**Brief**
A word-for-word copy of the data, pictures excluded, is what this task asks for.

**Provided data**
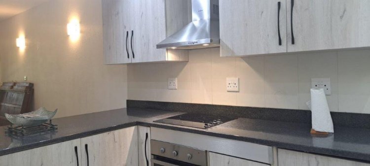 A ground floor two bed unit, fitted with porcelain tiles throughout. The open plan living area encompasses a kitchen with beautifully appointed cabinets, hob, electric oven, granite tops and extractor fan. The living area opens onto a spacious verandah with lawns and shaded indigenous trees and glimpses of the gorge. Double wooden French wooden doors open onto the verandah from the living area.
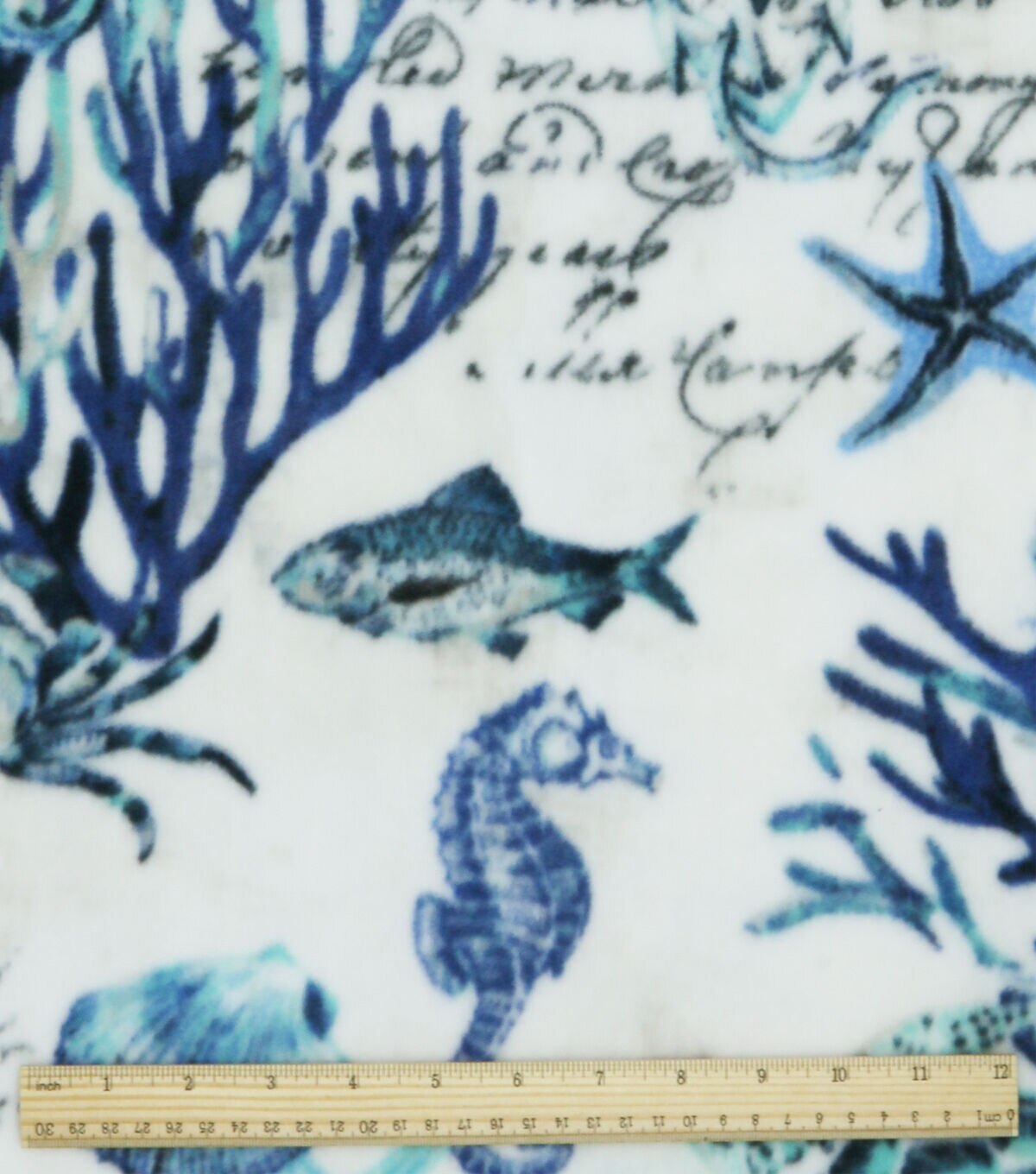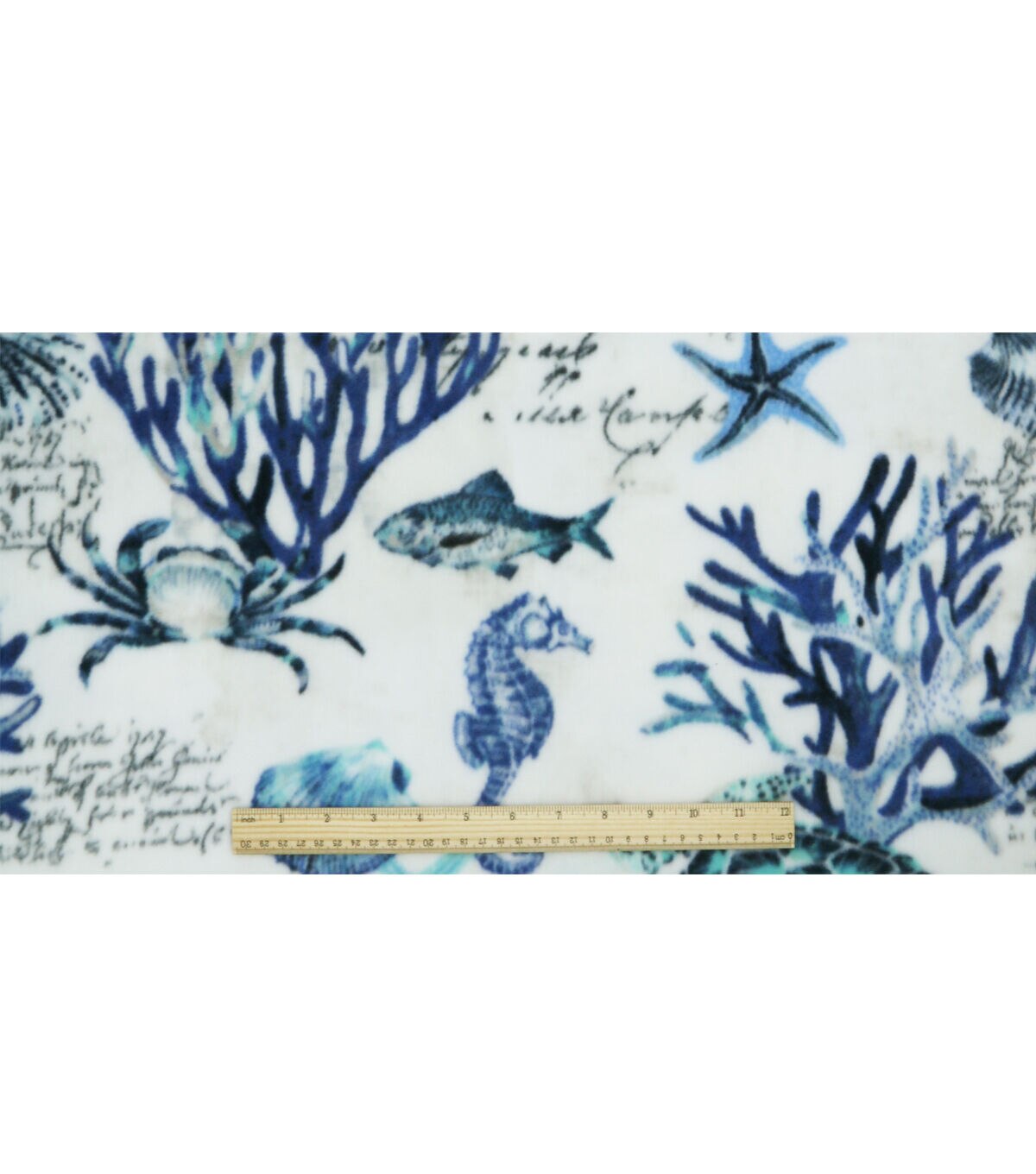 Blue Sea Animals on White Anti Pill Fleece Fabric
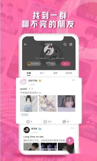 2、这里有宅系少年、软萌萝莉、资深腐女,还有腹黑攻、飒爽御姐、傲娇小可爱,以及绘画大触、cosplay爱好者——我们打造了一个贴心温暖又活泼的ACGN社区!来这儿求眼熟、找同好、磕CP,每天都能热热闹闹不孤单~

**Exercise response**
 A ground floor two bed unit, fitted with porcelain tiles throughout. The open plan living area encompasses a kitchen with beautifully appointed cabinets, hob, electric oven, granite tops and extractor fan. The living area opens onto a spacious verandah with lawns and shaded indigenous trees and glimpses of the gorge. Double wooden French wooden doors open onto the verandah from the living area.
 Blue Sea Animals on White Anti Pill Fleece Fabric
 2、这里有宅系少年、软萌萝莉、资深腐女,还有腹黑攻、飒爽御姐、傲娇小可爱,以及绘画大触、cosplay爱好者——我们打造了一个贴心温暖又活泼的ACGN社区!来这儿求眼熟、找同好、磕CP,每天都能热热闹闹不孤单~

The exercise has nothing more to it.